__THE DATA__
- Opening Delimiter -

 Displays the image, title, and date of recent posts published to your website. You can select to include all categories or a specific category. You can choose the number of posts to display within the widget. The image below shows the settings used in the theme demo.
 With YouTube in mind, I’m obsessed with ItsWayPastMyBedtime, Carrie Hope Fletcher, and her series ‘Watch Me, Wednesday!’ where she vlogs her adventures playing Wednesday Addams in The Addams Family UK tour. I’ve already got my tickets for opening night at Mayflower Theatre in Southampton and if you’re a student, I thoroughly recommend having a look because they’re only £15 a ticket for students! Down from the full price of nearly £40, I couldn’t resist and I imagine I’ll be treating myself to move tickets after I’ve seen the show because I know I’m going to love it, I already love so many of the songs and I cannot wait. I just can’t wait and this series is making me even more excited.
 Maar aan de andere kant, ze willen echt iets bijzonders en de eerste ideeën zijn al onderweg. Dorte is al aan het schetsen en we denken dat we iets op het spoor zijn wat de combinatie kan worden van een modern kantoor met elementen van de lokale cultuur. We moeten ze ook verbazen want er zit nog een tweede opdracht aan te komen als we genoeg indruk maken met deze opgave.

- Closing Delimiter -
- Opening Delimiter -

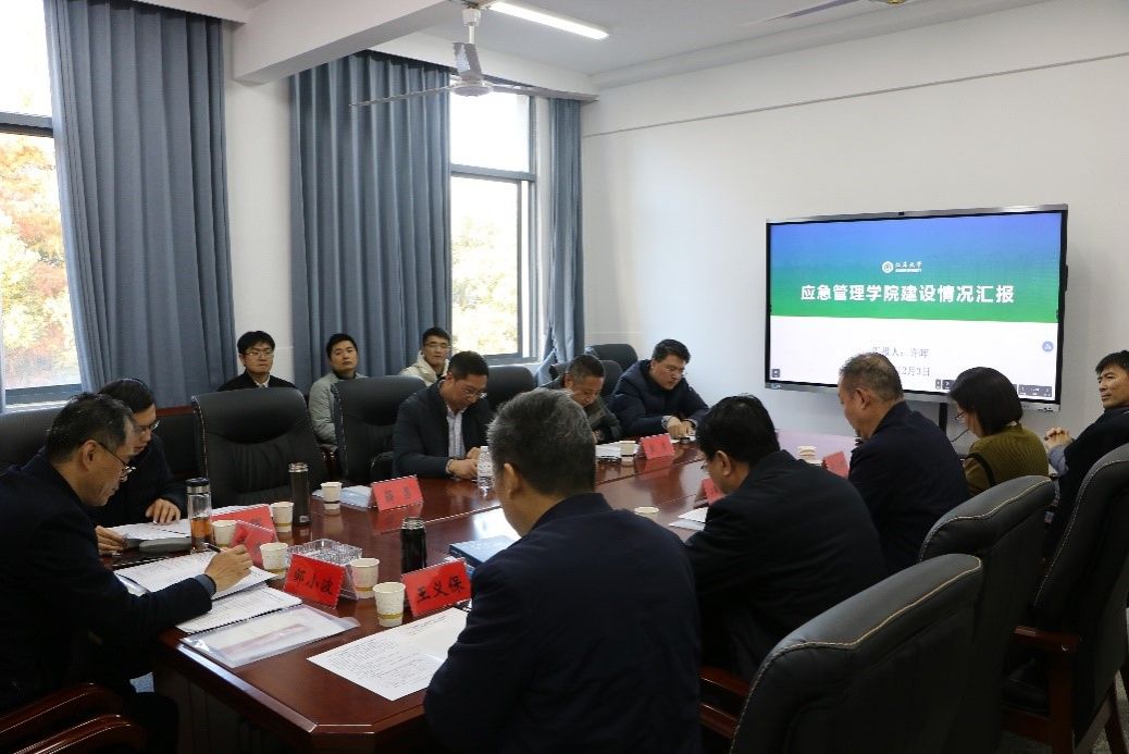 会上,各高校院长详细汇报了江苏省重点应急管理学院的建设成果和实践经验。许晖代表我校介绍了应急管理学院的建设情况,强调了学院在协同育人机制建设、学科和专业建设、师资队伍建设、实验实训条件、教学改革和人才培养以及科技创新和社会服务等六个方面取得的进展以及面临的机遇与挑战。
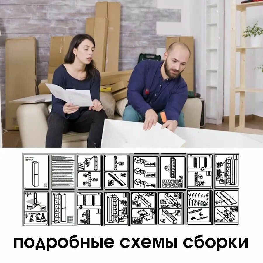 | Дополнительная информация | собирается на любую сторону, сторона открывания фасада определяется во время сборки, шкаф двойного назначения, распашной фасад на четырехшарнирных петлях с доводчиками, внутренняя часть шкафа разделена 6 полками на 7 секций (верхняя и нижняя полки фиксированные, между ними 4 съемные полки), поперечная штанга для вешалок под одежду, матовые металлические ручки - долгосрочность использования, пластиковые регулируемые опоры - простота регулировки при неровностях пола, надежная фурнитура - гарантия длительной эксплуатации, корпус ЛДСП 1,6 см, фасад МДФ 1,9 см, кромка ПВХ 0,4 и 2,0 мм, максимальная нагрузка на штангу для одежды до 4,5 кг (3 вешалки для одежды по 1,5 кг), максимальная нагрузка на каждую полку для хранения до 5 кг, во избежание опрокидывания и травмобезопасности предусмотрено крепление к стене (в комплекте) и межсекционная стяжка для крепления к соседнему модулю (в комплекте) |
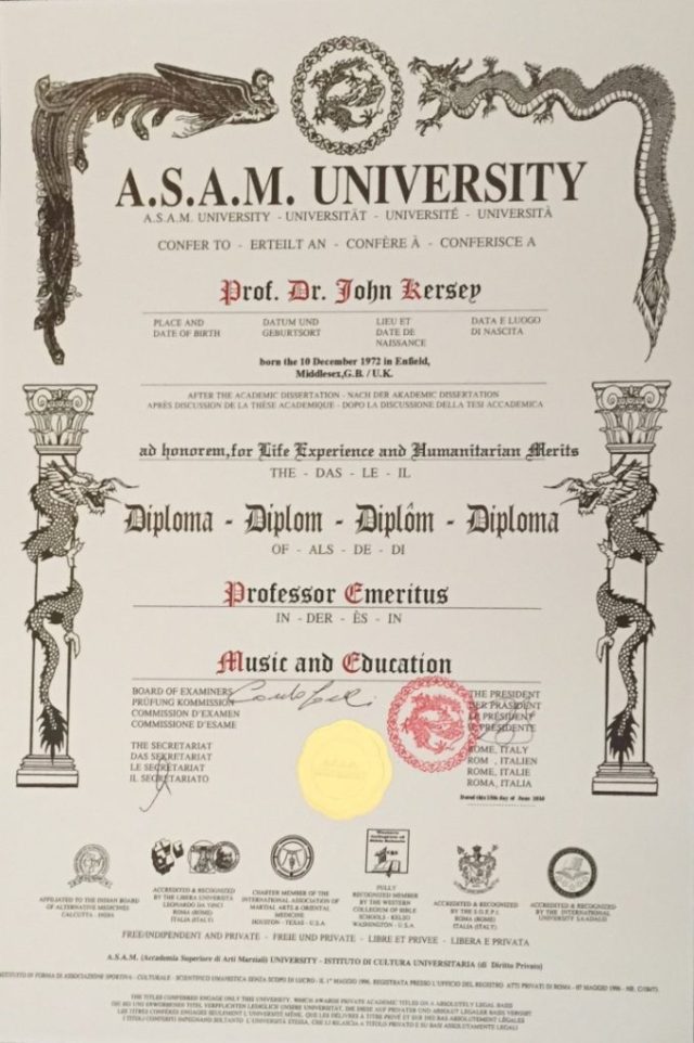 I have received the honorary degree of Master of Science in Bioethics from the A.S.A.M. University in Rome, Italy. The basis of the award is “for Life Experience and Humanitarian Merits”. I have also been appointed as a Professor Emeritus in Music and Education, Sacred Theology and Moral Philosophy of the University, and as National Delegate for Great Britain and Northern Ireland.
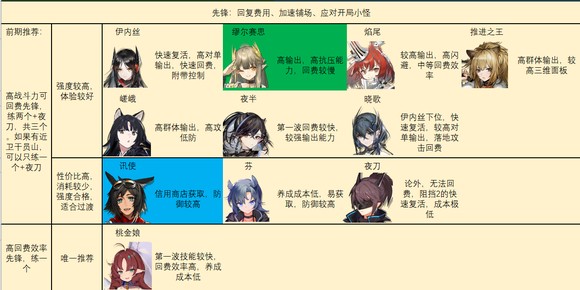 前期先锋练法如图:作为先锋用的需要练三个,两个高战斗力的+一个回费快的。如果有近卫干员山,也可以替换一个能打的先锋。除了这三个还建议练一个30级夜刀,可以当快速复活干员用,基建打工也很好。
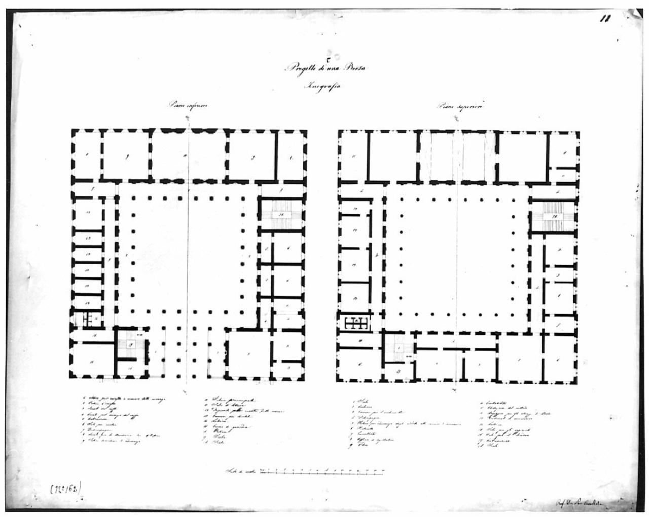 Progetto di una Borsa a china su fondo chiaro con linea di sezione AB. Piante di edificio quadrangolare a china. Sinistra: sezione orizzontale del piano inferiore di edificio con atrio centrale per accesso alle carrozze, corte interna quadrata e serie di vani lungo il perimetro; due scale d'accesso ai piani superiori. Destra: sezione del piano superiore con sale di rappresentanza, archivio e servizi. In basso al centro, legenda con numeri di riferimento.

- Closing Delimiter -

__WHAT THE TASK ASKS__
Give back exactly the lines above, from the line containing "With YouTube in" through the line containing "Maar aan de", with both end lines and nothing more.

__OUTPUT FOR THIS EXERCISE__
 With YouTube in mind, I’m obsessed with ItsWayPastMyBedtime, Carrie Hope Fletcher, and her series ‘Watch Me, Wednesday!’ where she vlogs her adventures playing Wednesday Addams in The Addams Family UK tour. I’ve already got my tickets for opening night at Mayflower Theatre in Southampton and if you’re a student, I thoroughly recommend having a look because they’re only £15 a ticket for students! Down from the full price of nearly £40, I couldn’t resist and I imagine I’ll be treating myself to move tickets after I’ve seen the show because I know I’m going to love it, I already love so many of the songs and I cannot wait. I just can’t wait and this series is making me even more excited.
 Maar aan de andere kant, ze willen echt iets bijzonders en de eerste ideeën zijn al onderweg. Dorte is al aan het schetsen en we denken dat we iets op het spoor zijn wat de combinatie kan worden van een modern kantoor met elementen van de lokale cultuur. We moeten ze ook verbazen want er zit nog een tweede opdracht aan te komen als we genoeg indruk maken met deze opgave.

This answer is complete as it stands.